El más reciente informe oficial del Organismo de Cuenca Pacífico Norte, con corte al 17 de marzo de 2026, confirma una situación de emergencia hídrica en Sinaloa. El almacenamiento conjunto de las 11 presas principales del estado ha descendido a niveles alarmantes, registrando un total de 3,611.8 millones de metros cúbicos (Mm³). Esta cifra representa apenas el 22.8% de la capacidad de conservación total del sistema, establecida en 15,840.6 Mm³, lo que evidencia un déficit severo que compromete la disponibilidad del recurso para los próximos meses.

Niveles actuales de almacenamiento por presa

El reporte detalla un escenario desigual pero mayoritariamente crítico en la infraestructura hidráulica. La presa Luis Donaldo Colosio se encuentra al 21.4% (684.1 Mm³), mientras que la Miguel Hidalgo y Costilla ha caído al 18.5% (611.6 Mm³).

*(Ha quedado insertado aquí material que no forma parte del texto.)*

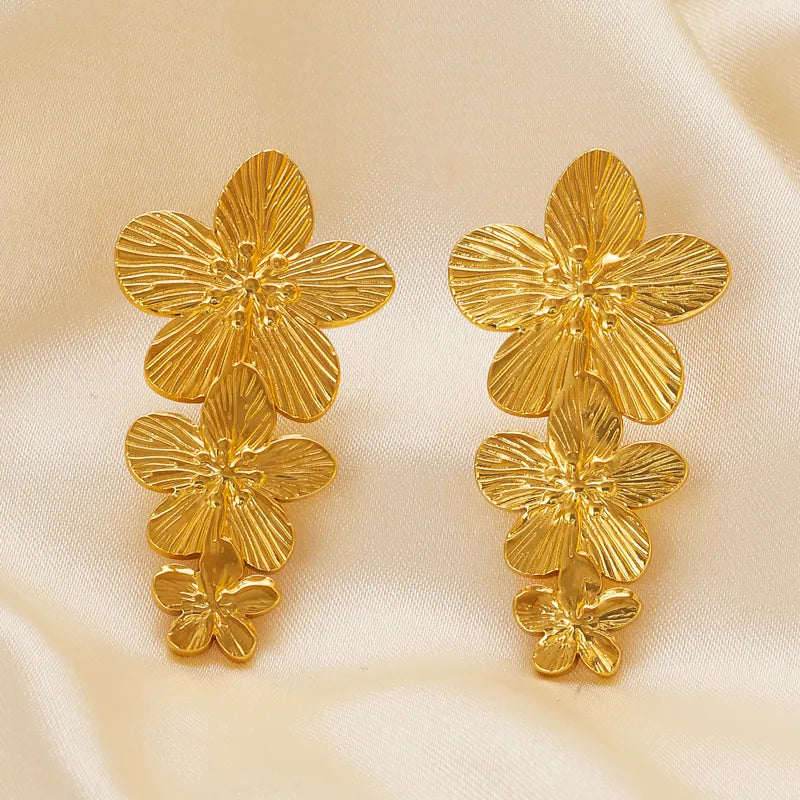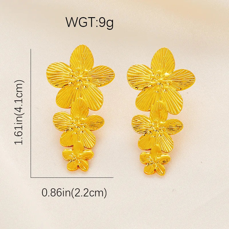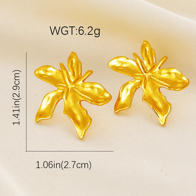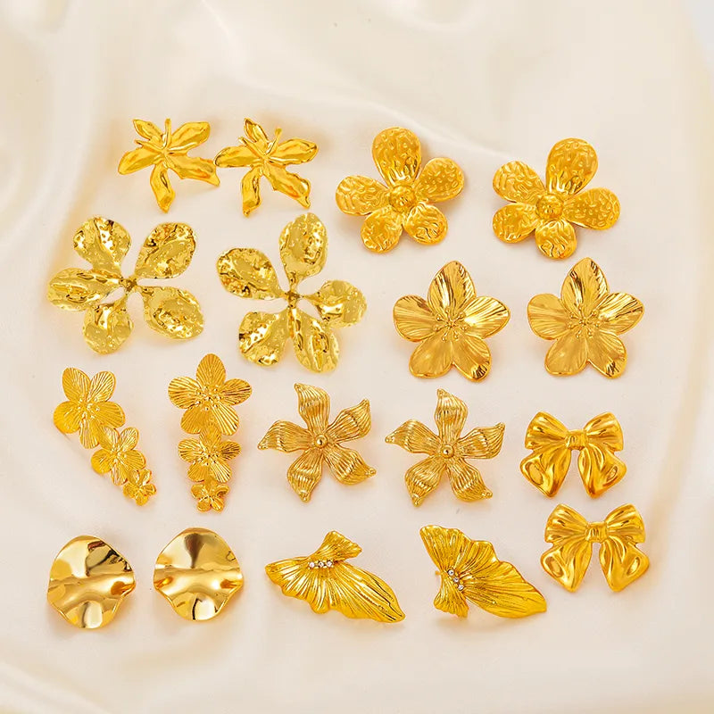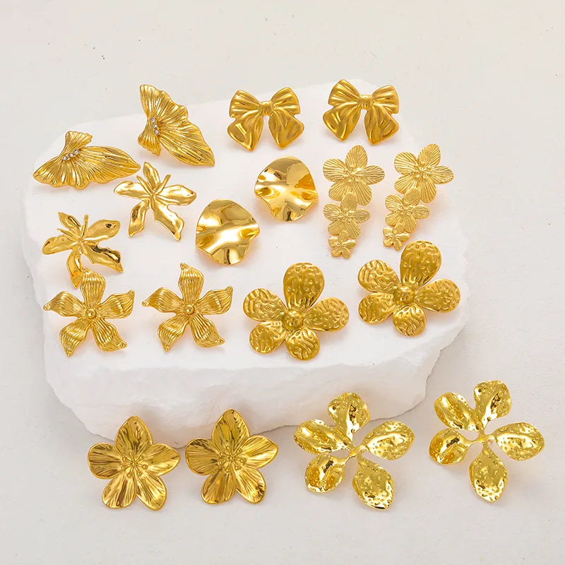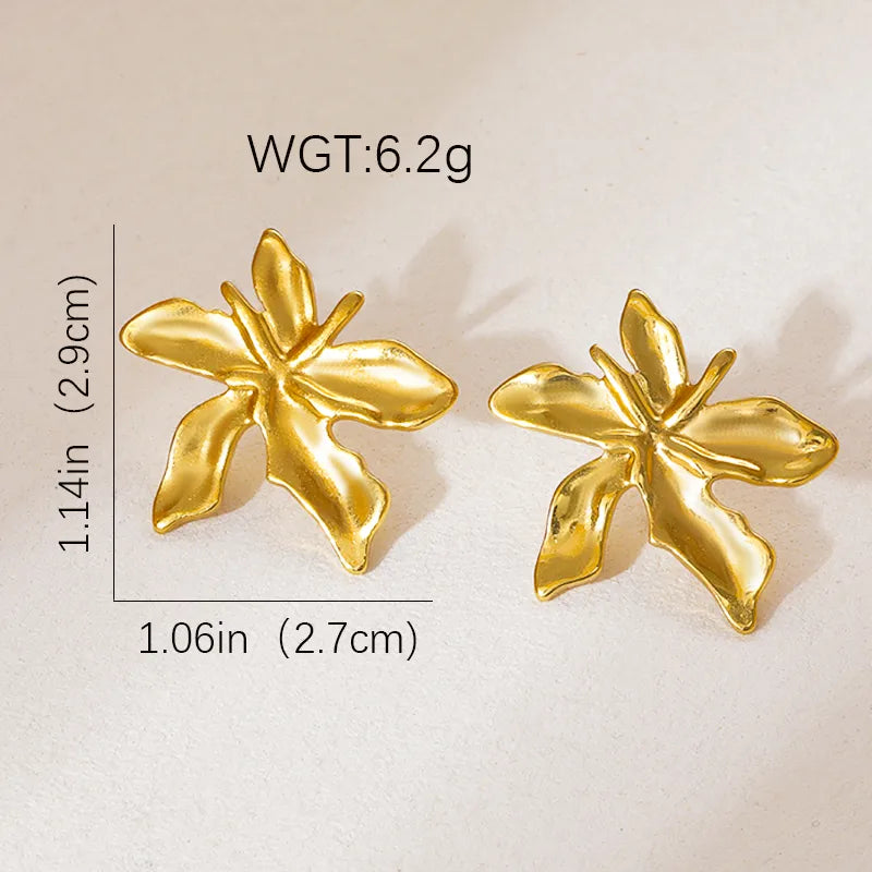 Gold Flower Earrings Stainless Steel Stud Earrings
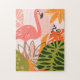 UA Jungle Flamingo II von Juni Erica Vess. Ein Flamingo-Single ist umgeben von naher tropischer Vegetation in einer fröhlichen, hellen Farbpalette.| 133079Z

Otros embalses vitales muestran cifras preocupantes: la Adolfo López Mateos registra el nivel más bajo con un 14.8% (457.1 Mm³), seguida por la José López Portillo al 21.2% (547.3 Mm³). Por su parte, la presa Aurelio Benassini V. se mantiene como la única con un nivel relativamente estable, reportando un 66.4% de su capacidad.

La gravedad de la sequía se refleja en que seis presas operan por debajo del 25% de su capacidad de conservación. Además de las mencionadas Miguel Hidalgo y Adolfo López Mateos, se suman a la lista roja la Juan Guerrero Alcocer (22.6%) y la Guillermo Blake Aguilar (27.5%). Incluso embalses que históricamente han mostrado mayor estabilidad, como la Josefa Ortiz de Domínguez y la Sanalona, no logran superar el umbral del 33%, situándose en 33.1% y 26.4% respectivamente, lo que subraya la generalización de la crisis en todo el territorio sinaloense.

Desbalance crítico: Extracciones superan aportaciones

El panorama se complica debido al marcado desequilibrio hidrológico actual. Las extracciones diarias ascienden a 30.5 Mm³, una cifra que supera masivamente a las aportaciones naturales, las cuales son prácticamente nulas con apenas 2.0 Mm³ en las últimas 24 horas. Este diferencial acelera el descenso de los niveles de agua almacenada, haciendo que las maniobras operativas, como las transferencias de 2.3 Mm³ desde la presa José López Portillo hacia el Distrito de Riego 010, resulten insuficientes para compensar el déficit estructural del sistema.

Ante este escenario adverso, tanto las autoridades de la Comisión Nacional del Agua (Conagua) como los usuarios de los distritos de riego han emitido alertas preventivas. Existe un consenso sobre el riesgo inminente: de no registrarse lluvias significativas en las próximas semanas, el ciclo agrícola 2026 enfrentará severas restricciones en los volúmenes de riego autorizados. La viabilidad de los cultivos actuales y la planificación del próximo ciclo dependen enteramente de una recuperación pluviométrica que, hasta el momento, no se vislumbra en los pronósticos inmediatos.

Finalmente, el llamado de las autoridades es urgente y contundente hacia un uso racional y eficiente del agua. La escasez que enfrenta el sistema de presas de Sinaloa no es un evento aislado, sino una crisis que requiere la colaboración de todos los sectores. La gestión cuidadosa de los 3,611.8 Mm³ restantes será determinante para mitigar los impactos económicos y sociales que esta sequía podría desencadenar en la región agrícola más importante del país.